Хотелось ли ей, чтобы он замечал ее заботу?
Каждой захотелось бы. Но она не лезла за благодарностью. Все, что ей нужно, она имеет. Большего – не получится.
Выйдя к пристанционной площади, она увидела небольшое сборище местных кумушек, оживленно о чем-то судачащих. Если при ее приближении умолкнут, значит…
Умолкли, но не сразу. Солировала Гущина Татьяна, стоя к ней спиной. Ее толкнули, она оглянулась опасливо. Улыбнулась фальшивой улыбкой и торопливо скользнула в магазин. Но главное Евгения Петровна расслышать сумела.
Горе.
Антона после допроса задержали. Из-за того, что подозревают, будто он в соседнем лесочке труп подростка зарыл. Завез, прикончил и зарыл. Из соображений шкурных.
Нужно что-то делать, Евгения! Думай, кобыла ты старая!
Но что она могла?!
Если только объявления развесить. Пусть отыщутся люди, кто видел у билетной кассы или на перроне мальчишку – Ивана Панфилова, из-за которого столько бед.
Воды оставалось на донышке, да и та сделалась тухловатой. Аккумулятор в фонарике-брелке тоже сдувался, нужно беречь и то и другое.
Шурупы с дверных петель выкрутить удалось, и он выбрался в более просторное помещение, ну а толку? Темнота, духота и неясные шумы снаружи – вот и все бонусы.
Несколько раз ему слышался невнятный голос, однако свой подавать остерегся. Если человек, заперший его, поймет, что Ваня получил частичную свободу, то предпримет новую пакость.
Как ему следует поступить, если он услышит за дверью голоса других людей, Ваня не решил. У киднепера могут быть сообщники.
В школе им рассказывали, что нужно делать, если тебя возьмут в заложники террористы. Типа, не спорить, выполнять требования, не провоцировать агрессию и ждать прибытия ОМОНа.
А если попадешь в лапы маньяка, то, наоборот, попытаться его разговорить, назвать свое имя, очеловечиться в его сознании.
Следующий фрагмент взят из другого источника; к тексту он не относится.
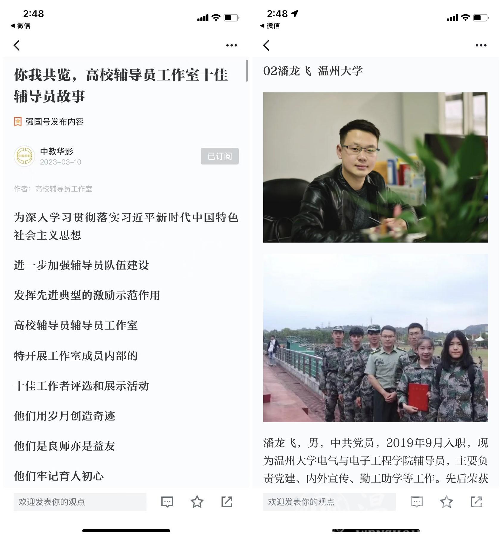 3月10日,学习强国刊发了一篇名为《你我共览,高校辅导员工作室十佳辅导员故事》的文章,该篇文章系全国高校辅导员工作室,为深入学习贯彻落实习近平新时代中国特色社会主义思想,进一步加强辅导员队伍建设,发挥先进典型的激励示范作用,进行的十佳工作者评选和展示活动,beat365在线唯一官网辅导员潘龙飞也在其中。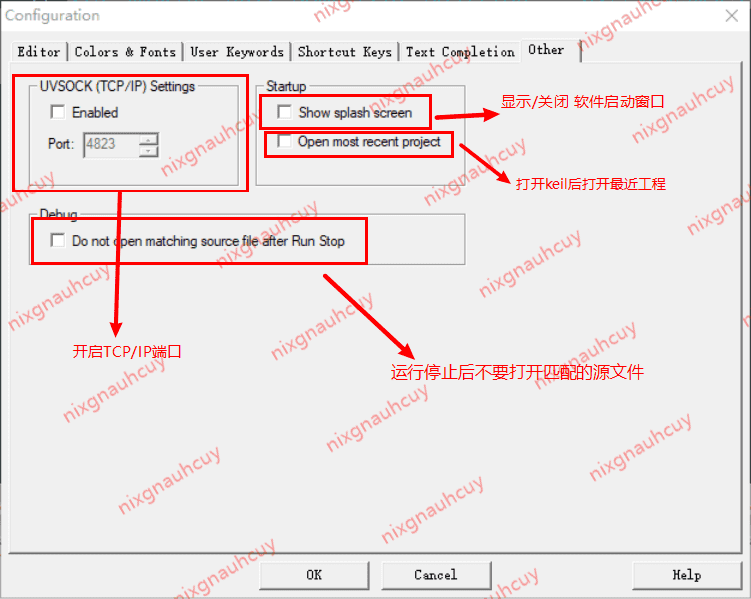 Encoding: 这里是设置我们的 Keil 的编码,一般我们选择默认的 Dncode in ANSI 就可以了,但是如果你打开别人的工程,看到注释乱码,很大情况都是编码问题,这个时候修改你的编码为 Chinese GB2312(Simplified) 可以解决乱码的问题,当然不一定所有乱码都是编码的问题。

Все это в Ваниной ситуации не работало. Не с кем очеловечиваться, не с кем быть покладистым и незаметным.
Странно, что еду не приносят. Может, забыли о нем?
Есть Ивану хотелось до тошноты, до судорог в желудке. Шоколадку, обнаруженную в рюкзаке, он с жадностью проглотил еще накануне и пожалел об этом дважды – не оставил себе пищевого припаса и выпил много воды.
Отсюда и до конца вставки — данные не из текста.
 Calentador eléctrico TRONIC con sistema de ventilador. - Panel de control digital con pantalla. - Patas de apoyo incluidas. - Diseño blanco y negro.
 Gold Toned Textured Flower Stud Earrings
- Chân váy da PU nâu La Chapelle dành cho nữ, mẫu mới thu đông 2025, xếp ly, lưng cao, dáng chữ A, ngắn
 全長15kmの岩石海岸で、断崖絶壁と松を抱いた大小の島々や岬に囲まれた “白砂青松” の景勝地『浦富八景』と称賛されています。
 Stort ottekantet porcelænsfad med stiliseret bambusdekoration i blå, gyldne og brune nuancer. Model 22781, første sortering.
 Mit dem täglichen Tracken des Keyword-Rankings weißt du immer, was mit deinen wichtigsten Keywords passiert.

Когда выпьет последние миллиграммы, что делать будет? Употреблять свою урину по совету супервыживальщика Тимофея Баженова Иван не готов психологически, хотя… А что делать?
Вон у той стеночки ведерко, его Иван обнаружил, когда выбрался на относительный простор. Подходящая для его целей емкость.
Ведро стало тем самым предметом, которое парадоксально удержало мозги на месте, и Ваня не сошел с ума от ужаса и безысходности.
Временами он тихонько скулил, но слезам ходу не давал. Если будешь слезы проливать, много влаги уйдет из организма.
Иногда спал, но засыпал ненадолго, опасаясь пропустить какой-нибудь важный момент в окружающем пространстве. Правда, он не мог с уверенностью сказать, надолго ли засыпал. Желудок теперь подсказать ему это не мог.
Кружилась голова, но руки и ноги пока не ослабели. Только им холодно было, рукам и ногам. А ему самому было страшно.
Он успокоил себя: его, конечно ищут. Найдут и выручат.